Ben Affleck appeared on Tuesday's The Howard Stern Show, and while the two-hour interview was mostly about the actor's career, it naturally got personal at times.

Affleck opened up about his 10-year marriage to Jennifer Garner and slammed "horrible" untrue tabloid stories about their divorce. (Remember the nannygate allegations?) The topic got brought up when Stern asked the Oscar winner about his rekindled relationship with Jennifer Lopez.

"Was there a hesitation on your part, because now you're a dad … the two of you together creates a f****** dynamic like I've never seen before," Stern said on his SiriusXM show of Bennifer 2.0. "Was there hesitation on your part to say I can't go through this again?"

Ben Affleck and Jennifer Garner at the 2014 Vanity Fair Oscar Party.
Ben Affleck and Jennifer Garner at the 2014 Vanity Fair Oscar Party. (Photo: WireImage)

"It crossed my mind for sure," Affleck admitted. "My responsibility to my children is my highest responsibility I have. I'm not doing anything that's painful or destructive to them if I can help it. That being said, I know that my life affects them."

The director told a story about how he dropped off his 9-year-old son Samuel at school the other day when someone yelled out "Ben Affleck!"

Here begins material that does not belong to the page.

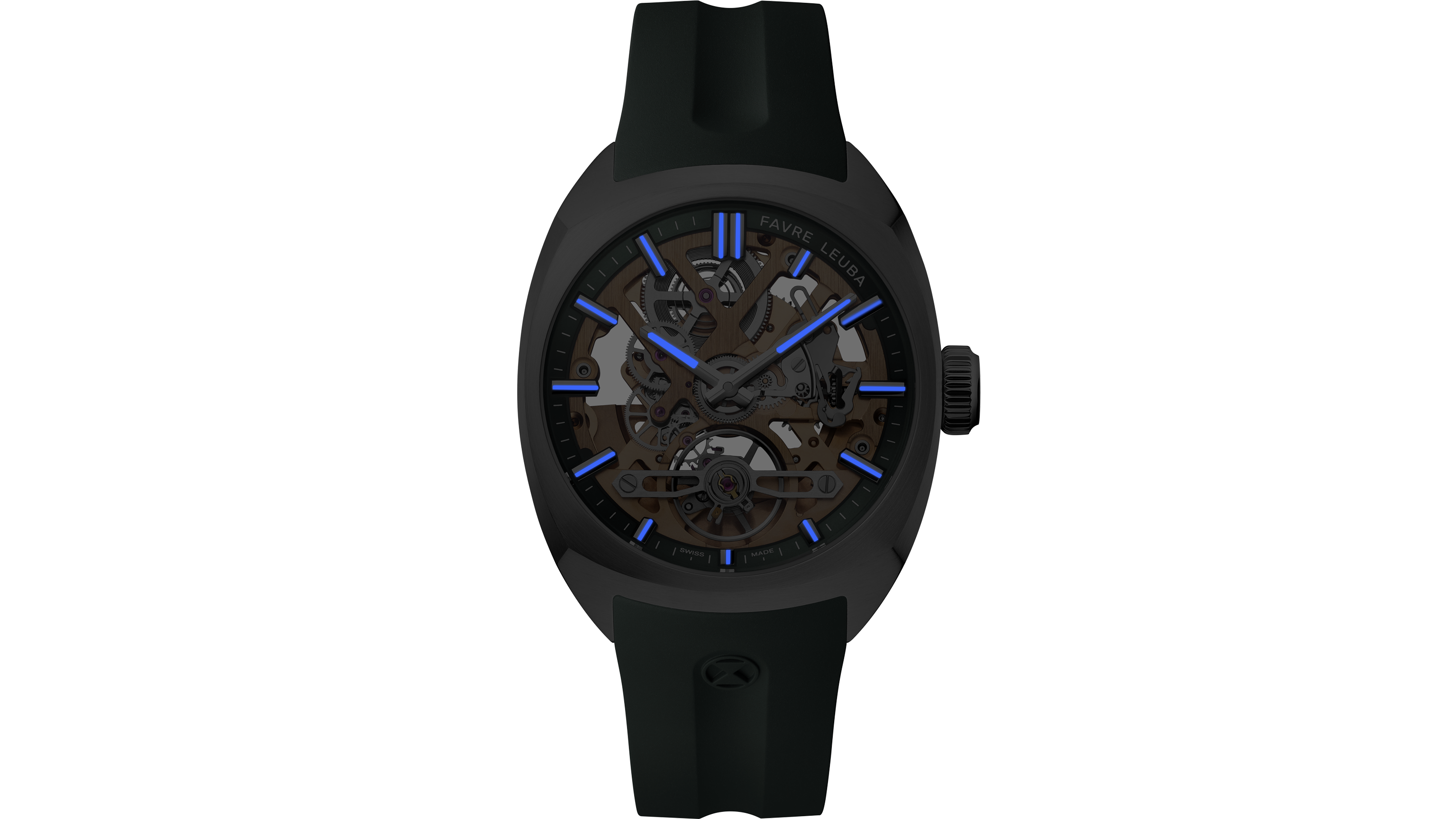 The Chief Skeleton revives the iconic cushion-shaped case in stainless steel, blending refined design with enhanced wearability. At 40mm wide, 11.76mm thick, it offers comfort across wrist sizes. Its multifaceted form balances curves and edges, with brushed surfaces and polished bevels. A curved sapphire crystal and a knurled crown embossed with the Favre Leuba logo complete the look, capturing both elegance and strength.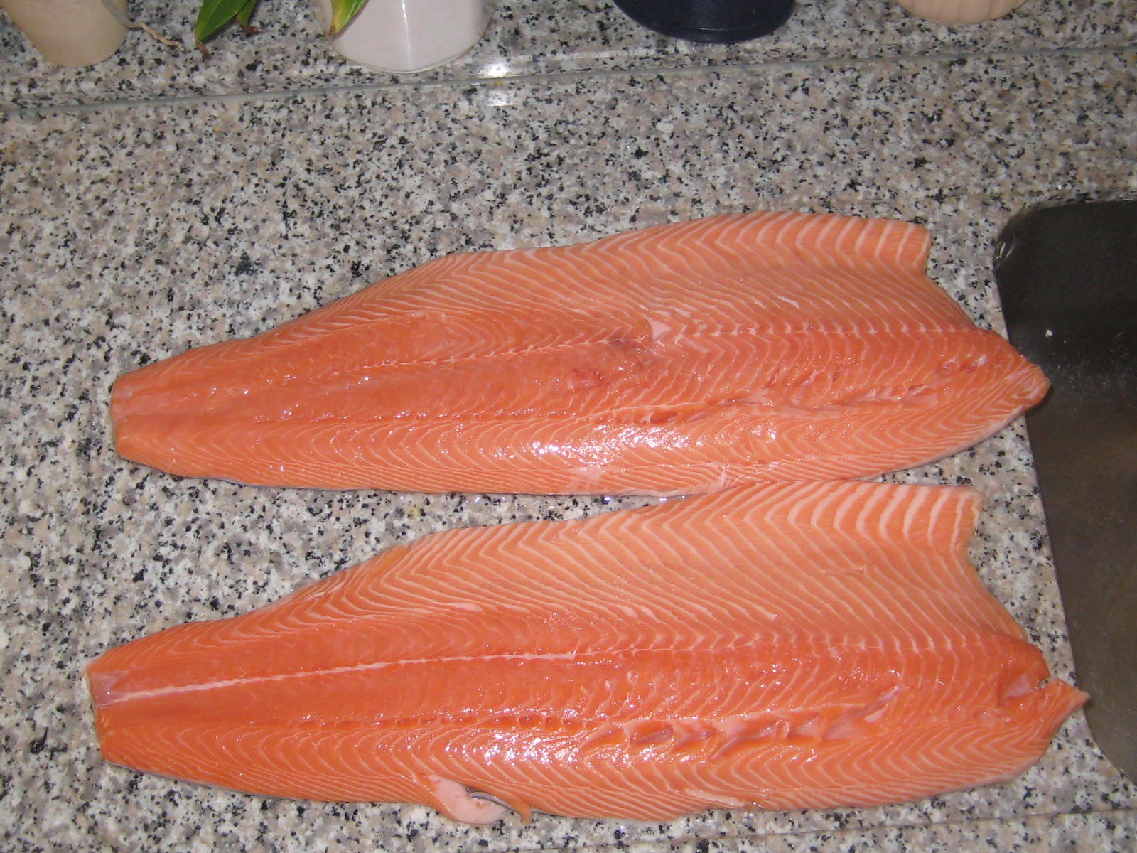 Zwei Lachsseiten deshalb, weil meine Familie bedient werden will und meine Dienststelle sofort hier gerufen hat. Also auch für mich eine Premiere in der Zubereitung einer recht großen Menge

"My kid looks at me and goes, 'Hashtag, welcome to my life,'" he recalled. "I've already inflicted that on them. You know, me and their mom are celebrities and that's hard, let's not bulls*** each other … During the divorce, they printed f****** horrible lies. Horrible mean lies."

"Like what? What were the lies?" Stern asked.

"I don't even want to give voice to it," The Tender Bar star replied. "Anything you read about that was bulls***."

Garner and Affleck separated in 2015 after more than a decade together. Along with Samuel, they share daughters Violet, 16, and Seraphina, 12. The actor was accused of infidelity, which he strongly denied at the time through his reps.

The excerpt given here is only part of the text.